The Spačva basin (Spačvanski bazen) is a geographic microregion in eastern Croatia and northwest Serbia. The region is located in the southwestern part of Syrmia—the latter being divided by Croatia and Serbia—and the southeastern part of Slavonia macroregion of Croatia, surrounding the Spačva River and the Studva River. The entire region measures 51,000 hectares, out of which 40,000 hectares is located in Croatia and 11,000 in Serbia.

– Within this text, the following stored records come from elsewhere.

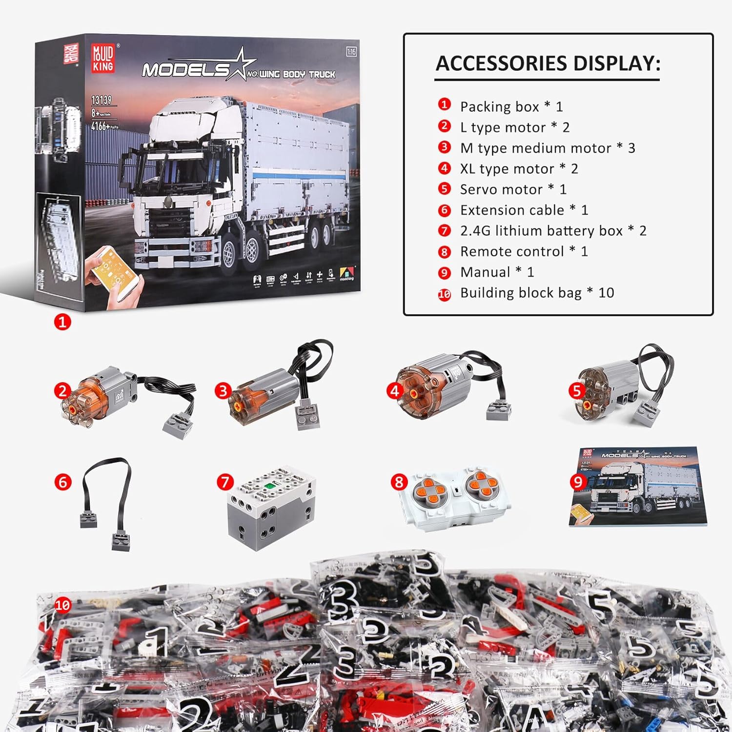 Mould King 13139 Technischer Kranwagen-Kit: Länge, Breite und Höhe: 72 * 16,5 * 20 cm, 4166 Teile und Kraftfunktionsgruppe. Die zu öffnende Ladetür und die ein- und hochfahrbare Ladebordwand machen es zu einem Technikbaustein mit guter Bespielbarkeit.die Teile sind mit allen Markenkomponenten kompatibel und lassen sich mit anderen Markenprodukten zu einer großen Szenerie kombinieren. 【Madoca1977-Design】er mobile Wing Booy Truck Der Baustein-LKW ist kompatibel mit 2.4G und App Dual Control System, stabil und störungsfrei, Leistungssteigerung, einschließlich XL-Großmotor * 2, M-Mittelmotor * 3, L-Motor * 2, Servomotor * 1, Bluetooth Lithiumbatterie * 2, Motorverlängerungskabel * 7, 2,4-GHz-Fernbedienung * 1. Verwenden Sie die 2.4G-Fernbedienung oder eine Bluetooth-Anwendung, um viele interessante realistische Funktionen zu steuern. [Langlebig und gut gestaltet] Alle 4166-Komponenten sind aus hochwertigem ABS-Kunststoff gefertigt, konsistent, kompatibel, einfach anzuschließen und nicht leicht zu verteilen. Dazu modernes Design und Motorschwankung sowie detailreiche Deko-Aufkleber; tolle Geschenke zum Kindergeburtstag/Kindertag/Weihnachten/Neujahr/Chanukka/Ostern/Sommercamp/Schulanfang. [Kreativität und MINT-Lernen] DIY-Blöcke wurden entwickelt, um Kindern interessante und herausfordernde Bausteinerfahrungen zu bieten und verfügen über realistische Bewegungen und Mechanismen, die dazu beitragen, die Vorstellungskraft und Kreativität der Kinder, die Hand-Augen-Koordination und das Selbstvertrauen zu fördern ; es ist auch ein ideales Spielzeug für Jungen und Mädchen ab 8 Jahren, das sie zum Erlernen von Maschinen und Technik anregen kann. [Exquisites Indoor-Modell] Der Wing-Body-Schwerlast-Lkw mit Fahrgestell bringt Sie realen Bausteinen näher als je zuvor. Dieser exquisite Technik-Modellbausatz wurde speziell für Technikbegeisterte entwickelt, die auf Details achten. | قیمت یورویی : 229€
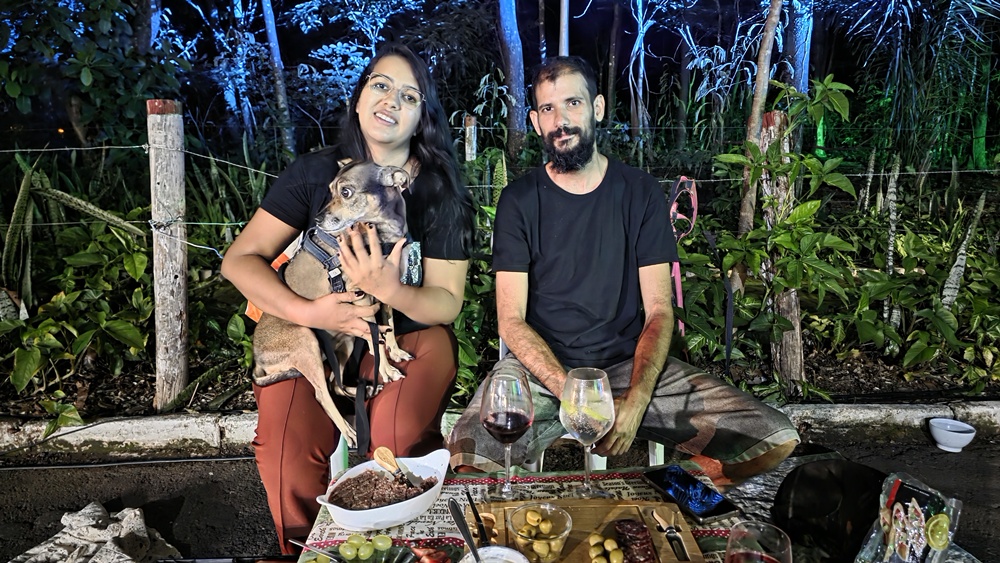 Ao lado do marido, Geovani Milek, e do cachorrinho do casal, ela conta que o evento é um momento pensado para ser vivido em família e destaca o ambiente criado pelo projeto. “A gente fica à vontade, é seguro”, diz, acrescentando que o espaço é acolhedor para diferentes públicos, inclusive para quem leva animais de estimação.
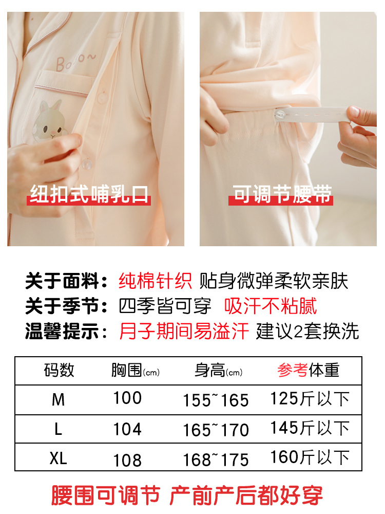 家时光月子服纯棉秋冬产后全棉吸汗孕妇冬哺乳睡衣外穿产妇家居服
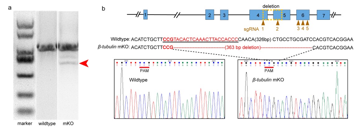 CRISPR/Cas9系统介导的长牡蛎 -tubulin基因的长片段缺失
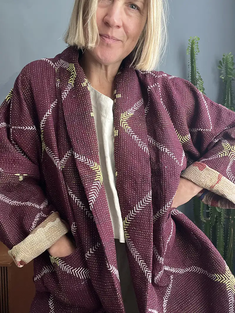 This long Indian Kantha jacket blends comfort, tradition, and everyday style. Each one starts with a vintage quilt from India, stitched by hand and full of colour and texture. No two jackets are ever the same.
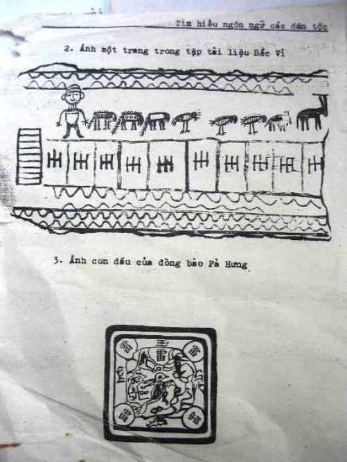 Năm 1908 Bonyfacy chụp lại được một con dấu của người Pà Thẻn ở vùng thượng lưu sông Lô, dùng trong những cuộc khởi nghĩa chống lại bọn thống trị địa phương và thực dân. Trên con dấu ngoài sáu chữ Hán (đây có lẽ là trường hợp ngoại lệ duy nhất), thì có hình vẽ những con vật bốn chân và hai chân, tương tự như chữ viết hình vẽ đã nêu ở trên.

The region's 40,000 hectares of oak (Quercus robur) forests makes the Spačva basin one of the largest continuous lowland oak forests in Europe. Up until the 1935 regulation of the bank of the Sava River the entire region was regularly flooded in spring.

In addition, the region forms an organic continuum with the Bosut Forest (Bosutska šuma, Босутска шума) in Vojvodina in Serbia. The Bosut Forest is one of two strict nature reserves in Vojvodina. The Spačva basin and Bosut Forest form the northern section of forest and swampland complex spreading south of the Sava River as well, where it is known as Donje Podrinje in Bosnia and Herzegovina and Central Serbia.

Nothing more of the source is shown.